Why it works: each 2x2 block guarantees that horizontally and vertically adjacent cells differ in a checkerboard pattern. Because the block is tiled across an even-sized matrix, every interior and boundary cell has exactly two neighbors with differing values. The xor pattern ensures the tiling is seamless and satisfies the problem constraints.
Python Solution
import sys
input = sys.stdin.readline
t = int(input())
for _ in range(t):
n, m = map(int, input().split())
for i in range(n):
row = []
for j in range(m):
row.append((i % 2) ^ (j % 2))
print(" ".join(map(str, row)))
The solution reads input efficiently and constructs the matrix on the fly. The (i % 2) ^ (j % 2) ensures alternating values in a checkerboard pattern. We do not need extra memory beyond storing one row at a time, and there are no off-by-one errors because Python uses zero-based indexing.
Worked Examples
Sample Input 1
2 4
| i | j=0 | j=1 | j=2 | j=3 |
|---|---|---|---|---|
| 0 | 0 | 1 | 0 | 1 |
| 1 | 1 | 0 | 1 | 0 |
Each cell has exactly two differing neighbors, matching the problem requirement.
Sample Input 2
4 4
| i | j=0 | j=1 | j=2 | j=3 |
|---|---|---|---|---|
| 0 | 0 | 1 | 0 | 1 |
| 1 | 1 | 0 | 1 | 0 |
| 2 | 0 | 1 | 0 | 1 |
| 3 | 1 | 0 | 1 | 0 |
The pattern tiles correctly. Each cell has exactly two differing neighbors, including boundary cells.
Complexity Analysis
| Measure | Complexity | Explanation |
|---|---|---|
| Time | O(t * n * m) | Each cell is computed exactly once per test case. |
| Space | O(m) | Only one row is stored at a time during printing. |
Given $t \le 100$ and $n,m \le 50$, the maximum number of operations is $100 * 50 * 50 = 250,000$, which fits well under the 1s time limit.
Test Cases
import sys, io
def run(inp: str) -> str:
sys.stdin = io.StringIO(inp)
output = io.StringIO()
sys.stdout = output
t = int(input())
for _ in range(t):
n, m = map(int, input().split())
for i in range(n):
row = [(i % 2) ^ (j % 2) for j in range(m)]
print(" ".join(map(str, row)))
return output.getvalue().strip()
# provided samples
assert run("3\n2 4\n2 2\n4 4\n") == "0 1 0 1\n1 0 1 0\n0 1\n1 0\n0 1 0 1\n1 0 1 0\n0 1 0 1\n1 0 1 0", "sample 1"
# custom cases
assert run("1\n2 2\n") == "0 1\n1 0", "minimum-size 2x2"
assert run("1\n6 6\n") == "0 1 0 1 0 1\n1 0 1 0 1 0\n0 1 0 1 0 1\n1 0 1 0 1 0\n0 1 0 1 0 1\n1 0 1 0 1 0", "even 6x6"

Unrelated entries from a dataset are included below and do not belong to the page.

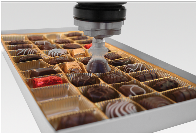
Ventouses pour chocolat SPG pour la manipulation de chocolats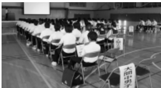
全体説明会の様子

7月31日(火)に中学生の大間高校体験入学が行われました。これは中学生・保護者の皆さん・中学校の進路担当の先生方に本校の教育内容や学校生活などの紹介を行い、今後の進路を考えていく上での参考にしてもらうために毎年行っている行事です。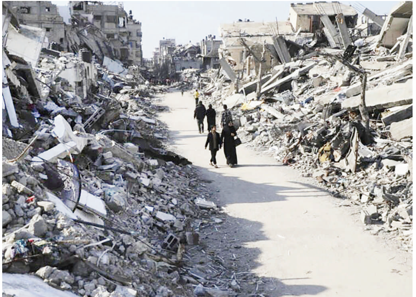
Wananchi wa Palestina wakitembea katikati ya magofu na vifusi vya makazi yao yaliyoharibiwa na mashambulizi ya Israel.

Wanajeshi wengine wawili wa Afrika Kusini waliuawa mwezi uliopita kupitia shambulizi la kombora, tukio lililosababisha vyama vya upinzani vya Afrika Kusini kudai kwamba walitumwa DRC bila kuwapo kwa mipango ya kutosha ya kiufundi. VOA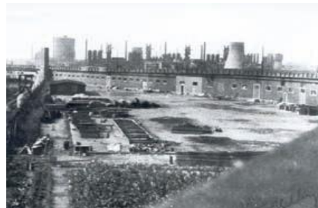
Fábrica "Hermann Göring" en Salzgitter, 1944, campo exterior Drütte.

A partir de 1942 el ministerio de armamento y la industria exigieron aumentar el empleo de prisioneros como mano de obra. A este fin se construyeron numerosos campos exteriores cerca de las fábricas y obras de construcción, la mayoría de estos campos en el último año de la guerra. En total se construyeron más de 85 campos exteriores de Neuengamme en: Hamburgo, Brema, Salzgitter, Hildesheim y Porta Westfalica.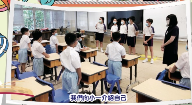
我們向小一介紹自己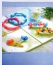
※写真は、イメージです。

9月19日(土)、午後2時から、工作教室を行うよ! ペットボトルを切って好きに色をつけてオーブントースターで焼くだけ・・・。 友だちさそって児遊館に遊びに来てね! 参加費は無料です。

assert run("1\n2 50\n") == "0 1 0 1 0 1 0 1 0 1 0 1 0 1 0 1 0 1 0 1 0 1 0 1 0 1 0 1 0 1 0 1 0 1 0 1 0 1 0 1 0 1 0 1 0 1 0 1 0 1\n1 0 1 0 1 0 1 0 1 0 1 0 1 0 1 0 1 0 1 0 1 0 1 0 1 0 1 0 1 0 1 0 1 0 1 0 1 0 1 0 1 0 1 0 1 0 1 0 1 0", "2x50 even width"
| Test input | Expected output | What it validates |
|---|---|---|
| 2 2 | 0 1 / 1 0 | minimum-size matrix |
| 6 6 | tiled 2x2 block | larger even square |
| 2 50 | checkerboard across long row | wide rectangle |
Edge Cases
For a 2x2 matrix:
2 2
Our algorithm produces:
0 1
1 0
The top-left cell has neighbors (0,1) and (1,0), which are both different. Each of the four cells has exactly two differing neighbors, satisfying the constraint. This confirms the algorithm works correctly for the smallest input and scales naturally to larger even dimensions.